Considérant que les dispositions du code des marchés publics, notamment dans ses articles 81 et 118, s’opposent à tout commencement d’exécution d’un avenant – qui est indissociable du marché initial – avant sa notification ; qu’il est de jurisprudence constante qu’un avenant ne peut avoir d'effet rétroactif ; qu’ainsi, l’avenant du 31 mars 2009 produit par le comptable ne peut être considéré comme justifiant des dépenses de fournitures de denrées alimentaires au titre de l’exercice 2008 ;

 Considérant que le manquement du comptable ne résulte pas de circonstances constitutives de la force majeure ;

Considérant qu’en conséquence, à défaut de disposer des pièces justificatives exigées par le décret du 25 mars 2007 précité, M. Raymond X…, en ne suspendant pas les paiements à compter du premier mandat dont le montant excédait le maximum autorisé, a manqué à ses obligations telles que définies ci-avant et procédé au paiement de dépenses irrégulières pour un montant total de 8 086,94 € TTC en 2008, engageant ainsi sa responsabilité personnelle et pécuniaire ;

Considérant, toutefois, que l’absence de décision préalable du conseil municipal de la commune de Martignas-sur-Jalle, pour fonder le manquement du comptable, n’établit pas, par elle-même, un appauvrissement de la commune ; que le service a été fait sur une commande de la collectivité pour satisfaire un besoin de la collectivité ; que si la suspension de paiement à laquelle aurait dû procéder le comptable aurait dû déboucher sur la passation d’un avenant préalable à la poursuite des paiements, rien ne permet d’établir que le prix en aurait été fixé à un niveau différent de celui approuvé par le conseil municipal lors de la passation du marché initial ou de l’avenant approuvé en mars 2009 ;

Considérant que, en fonction de l’analyse qui précède, le manquement du comptable n’a pas causé de préjudice financier à la commune de Martignas-sur-Jalle ;

Considérant, toutefois, qu’en application des dispositions de l’article 60.VI, 2ème alinéa, de la loi du 23 février 1963 susvisée, « lorsque le manquement du comptable (…) n’a pas causé de préjudice financier à l’organisme public concerné, le juge des comptes peut l’obliger à s’acquitter d’une somme arrêtée, pour chaque exercice, en tenant compte des circonstances de l’espèce » ; qu’aux termes du décret n° 2012-1386 du 10 décembre 2012 susvisé, le montant maximal de cette somme est fixé à un millième et demi du montant du cautionnement prévu pour le poste comptable, soit 340,50 € pour le poste comptable de la trésorerie d’Arcachon dont relève la commune de Martignas-sur-Jalle ;

Considérant que, eu égard aux circonstances, tenant notamment à la faiblesse des montants unitaires des mandats, inférieurs à 1 000 € et au seuil de contrôle du comptable tel qu’établi dans le plan de contrôle hiérarchisé de la dépense, ainsi qu’aux difficultés du poste comptable exposées par le comptable, il y a lieu de fixer à 150,00 € le montant de la somme mise à la charge de M. X...;

DÉCIDE :

Article 1er :

M. Raymond X... devra s’acquitter d’une somme de 150,00 € (exercice 2008).

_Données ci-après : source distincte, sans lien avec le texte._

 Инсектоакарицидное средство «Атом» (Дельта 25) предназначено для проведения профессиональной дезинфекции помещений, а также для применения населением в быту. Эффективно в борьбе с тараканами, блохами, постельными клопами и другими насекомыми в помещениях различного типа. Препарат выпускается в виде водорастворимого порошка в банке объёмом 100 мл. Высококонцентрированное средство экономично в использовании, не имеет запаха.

La décharge de M. Raymond X... ne pourra être donnée qu’après apurement de la somme à acquitter, fixée ci-dessus.

Délibéré par M. Gilles KOVARCIK, Président de section, Président de séance, Mme Eliette GERME-TELLEZ et M. Vincent POUX, premiers conseillers.

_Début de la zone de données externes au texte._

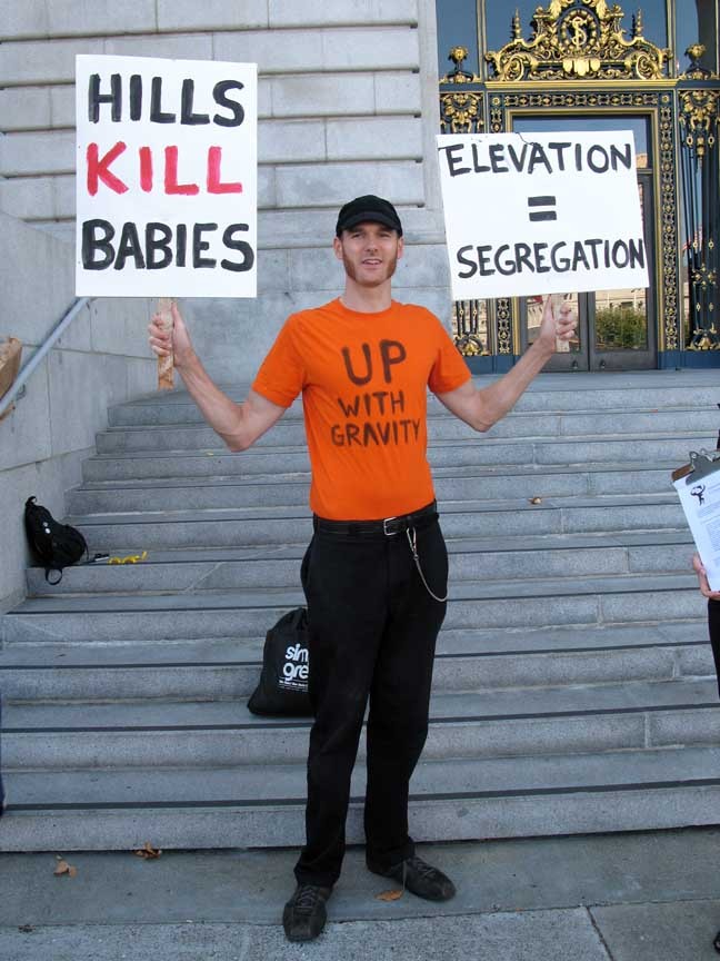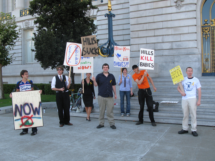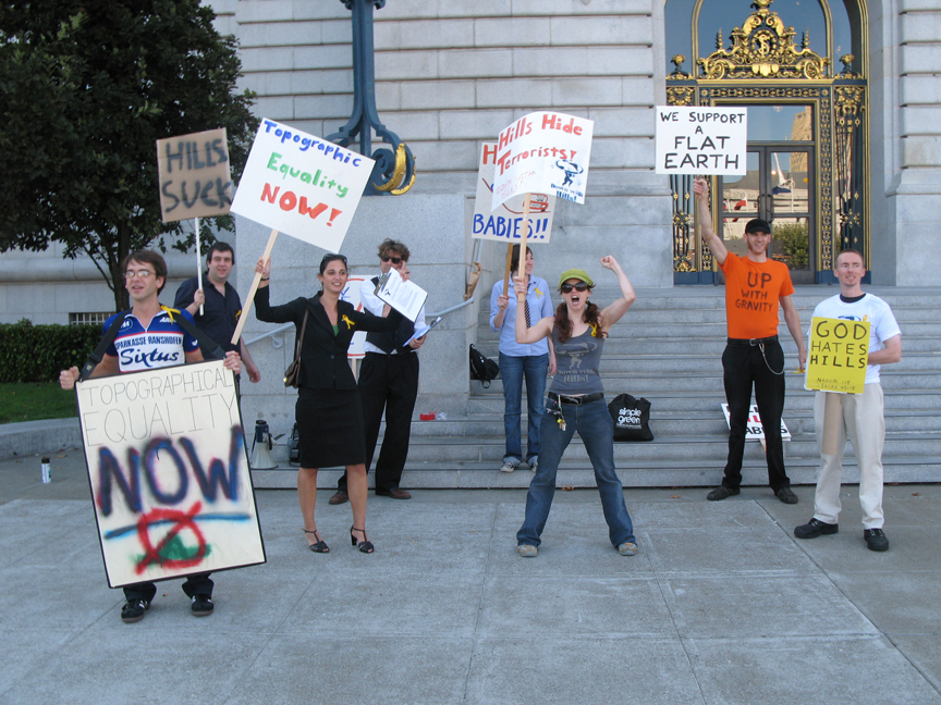 F That....San Francisco would still be just as amazing if it were shy a few hills....besides, less hills would encourage those who would normally be too pussy to ride a bike and would help our environment!! HILLS DESTROY THE ENVIRONMENT!!!

En présence de M. Jean-Pierre ROLLAND, greffier de séance.

Lu en audience publique, le 3 juin 2014

Le greffier de séance

Jean-Pierre ROLLAND

Le Président de séance

Gilles KOVARCIK

En conséquence, la République Française mande et ordonne à tous huissiers de justice, sur ce requis, de mettre les dispositions définitives dudit jugement à exécution, aux procureurs généraux et aux procureurs de la République près les tribunaux de grande instance d’y tenir la main, à tous commandants et officiers de la force publique de prêter main-forte lorsqu’ils en seront légalement requis.